Bioequivalence and its significance MCQs With Answer

Introduction: This quiz collection on Bioequivalence and its Significance is designed for M.Pharm students preparing for exams and practical application in regulatory pharmaceutics. It covers core concepts — definitions, pharmacokinetic parameters (AUC, Cmax, Tmax), study designs (crossover, replicate), statistical approaches (log-transformation, 90% confidence intervals), regulatory acceptance criteria, BCS-based biowaivers, food effects, analytical methods and special topics such as highly variable and narrow therapeutic index drugs. Each question aims to reinforce understanding needed for designing, analyzing and interpreting bioequivalence studies and for appreciating their role in generic drug approval, therapeutic interchangeability and patient safety. Test yourself and use explanations to identify areas for deeper study.

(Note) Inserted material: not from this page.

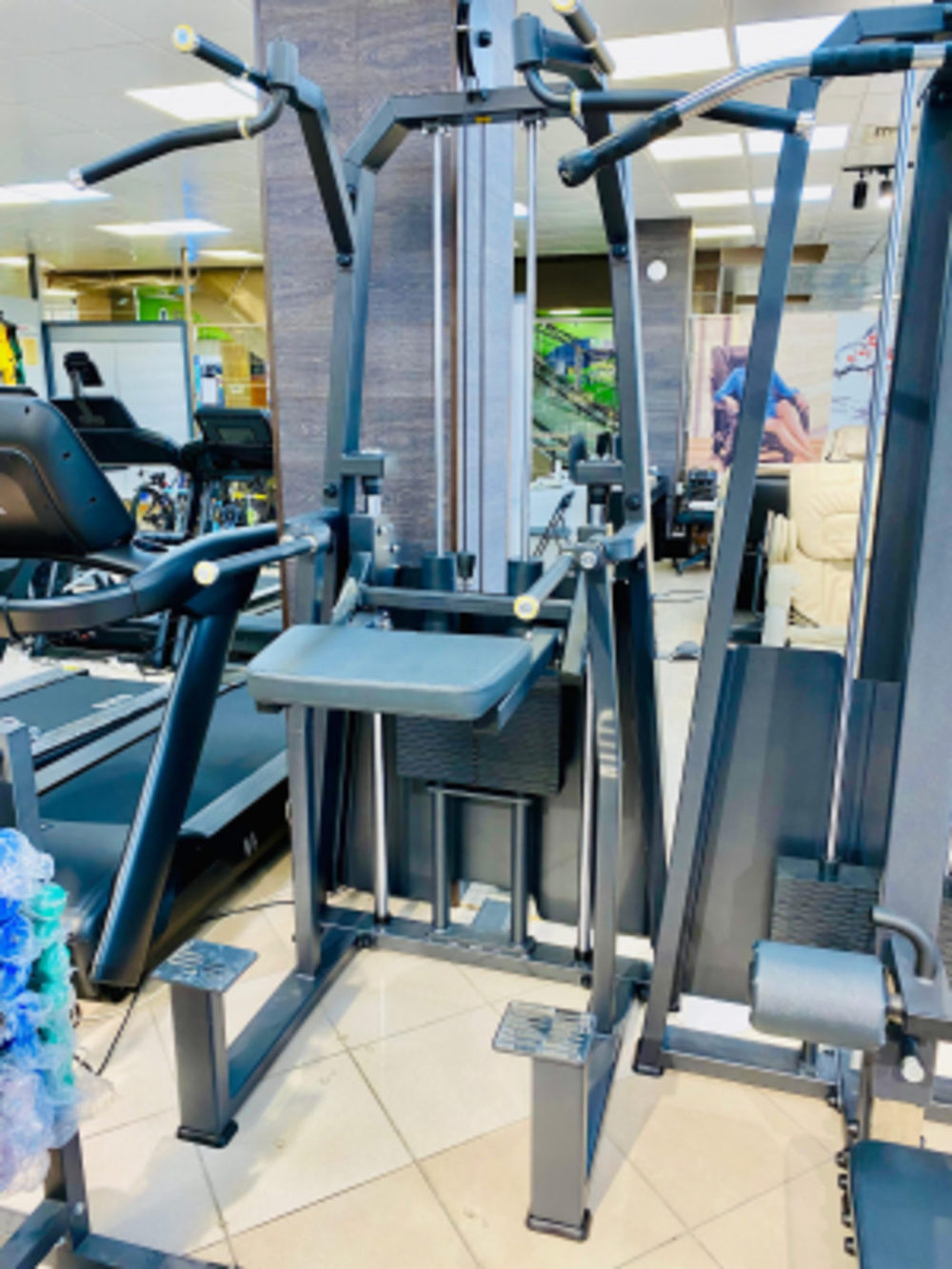 Этот многофункциональный тренажер предназначен для выполнения упражнений на мышцы спины, груди, рук и ягодиц. Данный тренажер за счет подвижной платформы с удобной подушкой позволяет снизить отягощение собственного тела при выполнении упражнений (подтягивания или обратные отжимания), тем самым делая выполнение сложного упражнения реально осуществимым, а что также позволяет выполнить большее число повторений. Турник на этом тренажере имеет несколько хватов, для нагрузки на различные группы мышц. Поручни (брусья) имеют регулировку по ширине, что позволят нагружать отдельные группы мышц при отжимании.

Q1. What is the standard regulatory definition of bioequivalence?

• Two products have identical excipients and manufacturing processes
• Two products show no difference in in vitro dissolution profile only
• Two products produce equivalent rate and extent of absorption of the active ingredient
• Two products have the same labeling and packaging

Correct Answer: Two products produce equivalent rate and extent of absorption of the active ingredient

Q2. What are the commonly accepted bioequivalence limits for the 90% confidence interval of the geometric mean ratio for AUC and Cmax?

• 70%–130%
• 80%–125%
• 90%–111%
• 50%–150%

Correct Answer: 80%–125%

Q3. Which confidence interval is typically used to assess bioequivalence?

• 95% confidence interval
• 99% confidence interval
• 90% confidence interval
• 80% confidence interval

Correct Answer: 90% confidence interval

Q4. Which pharmacokinetic parameter is the primary measure of the extent of absorption?

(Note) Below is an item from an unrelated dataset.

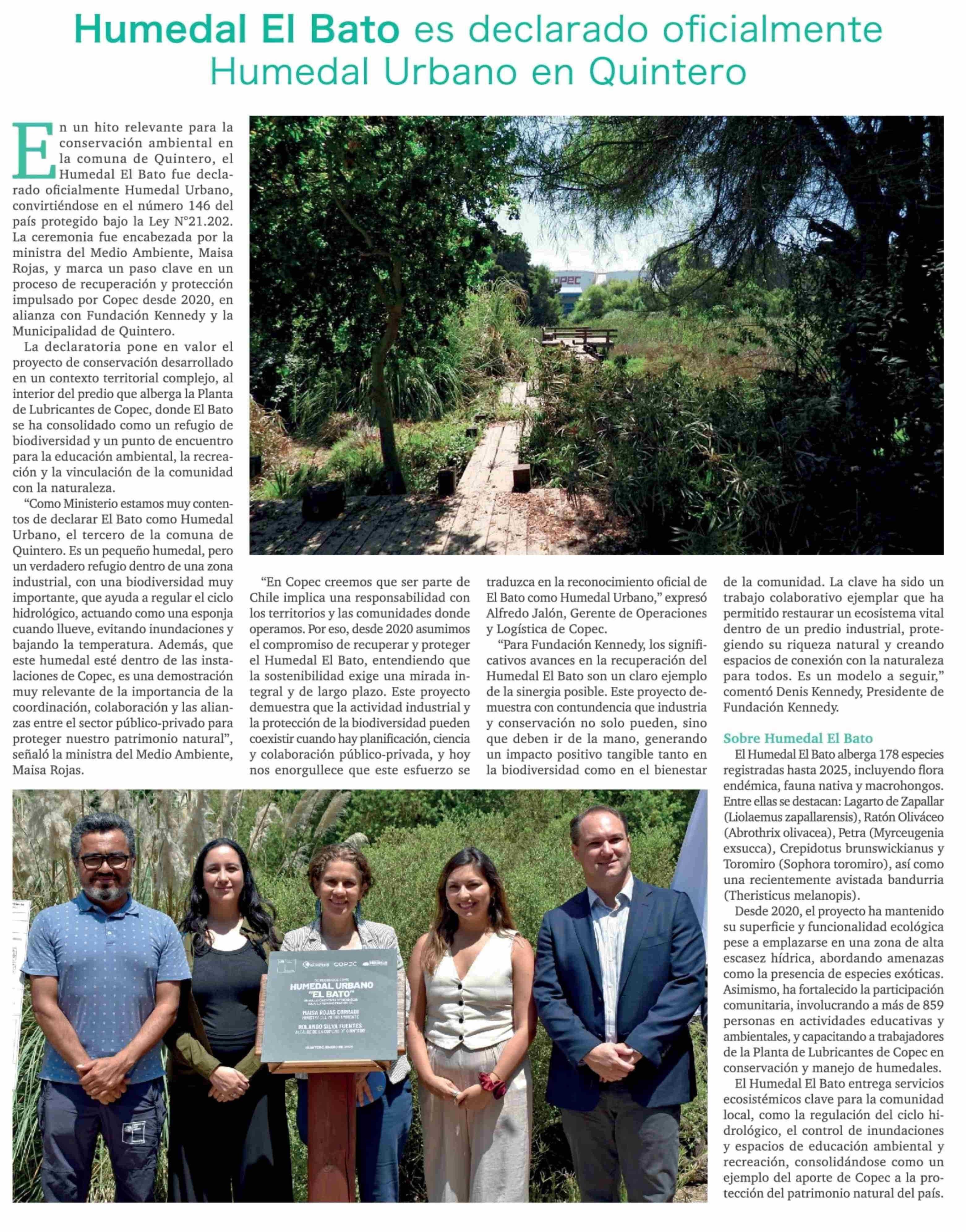 Humedal El Bato es declarado oficialmente Humedal Urbano en Quintero

• Cmax (maximum plasma concentration)
• Tmax (time to reach Cmax)
• AUC (area under the plasma concentration–time curve)
• t1/2 (elimination half-life)

Correct Answer: AUC (area under the plasma concentration–time curve)

Q5. Which parameter is most commonly used as an indicator of the rate of absorption?

• AUC0–t
• Clearance
• Cmax
• AUC0–inf

Correct Answer: Cmax

Q6. Which study design is most commonly used for single-dose bioequivalence trials in healthy volunteers?

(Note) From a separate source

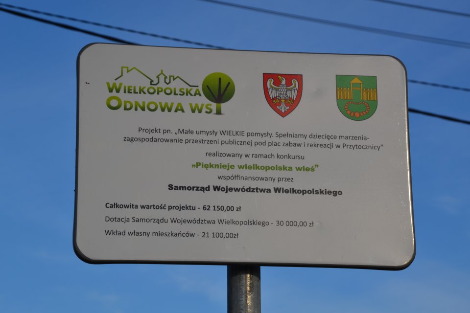 Pragniemy poinformować, iż zakończono realizację projektu pn. „Małe umysły WIELKIE pomysły. Spełniamy dziecięce marzenia - zagospodarowanie przestrzeni publicznej pod plac zabaw i rekreacji w Przytocznicy”. Zadanie obejmowało rewitalizację obecnego placu zabaw w Przytocznicy. W ramach prac utwardzono teren, wykonano teren zielony, zdemontowano, odnowiono i zamontowano ponownie wyposażenie placu zabaw, zamontowano nowe elementy małej architektury. Realizacja tego przedsięwzięcia pozwoliła na stworzenie bezpiecznego miejsca do spędzania wolnego czasu dla najmłodszych mieszkańców jak i dorosłych. Projekt współfinansowany przez Samorząd Województwa Wielkopolskiego w ramach programu „Wielkopolska Odnowa Wsi 2013-2020”. Na realizację projektu Gmina Doruchów otrzymała dofinansowanie z Urzędu Marszałkowskiego Województwa Wielkopolskiego w wysokości 30 000,00 zł w ramach konkursu "Pięknieje Wielkopolska Wieś". Całkowity koszt zadania wyniósł 62 150,00 zł.

• Parallel-group randomized design
• Randomized two-period two-sequence crossover design (2×2)
• Single-arm open-label design
• Case–control observational design

Correct Answer: Randomized two-period two-sequence crossover design (2×2)

Q7. On which scale are primary pharmacokinetic parameters usually analyzed statistically for bioequivalence?

• Arithmetic scale without transformation
• Log-transformed scale (natural log of PK parameters)
• Rank-transformed nonparametric scale
• Square-root transformed scale

Correct Answer: Log-transformed scale (natural log of PK parameters)

Q8. For which Biopharmaceutics Classification System (BCS) class is a biowaiver most commonly granted for immediate-release oral products?

• BCS Class II (low solubility, high permeability)
• BCS Class IV (low solubility, low permeability)
• BCS Class I (high solubility, high permeability)
• BCS Class III (high solubility, low permeability)

Correct Answer: BCS Class I (high solubility, high permeability)

Q9. Which analytical requirement is essential for concentration measurement in bioequivalence studies?

• Use of a non-validated immunoassay
• Validated sensitive and specific bioanalytical method (e.g., LC-MS/MS)
• Visual colorimetric assay without validation
• External literature values for concentrations

Correct Answer: Validated sensitive and specific bioanalytical method (e.g., LC-MS/MS)

Q10. For narrow therapeutic index drugs, regulatory agencies may require tightened bioequivalence limits. Which example illustrates such tighter limits?

• Tighter limits are never required
• Tighter limits such as 90%–111% for AUC
• Wider limits such as 70%–143% for AUC
• Use of 99% confidence interval instead of 90%

Correct Answer: Tighter limits such as 90%–111% for AUC

Q11. When is it necessary to conduct both fasting and fed bioequivalence studies?

• Only when the reference product is labeled to be taken with food
• When food has no impact on drug absorption
• When regulatory guidance or product labeling requires assessment of food effect (e.g., reference labeled with food)
• Always, even for parenteral products

Correct Answer: When regulatory guidance or product labeling requires assessment of food effect (e.g., reference labeled with food)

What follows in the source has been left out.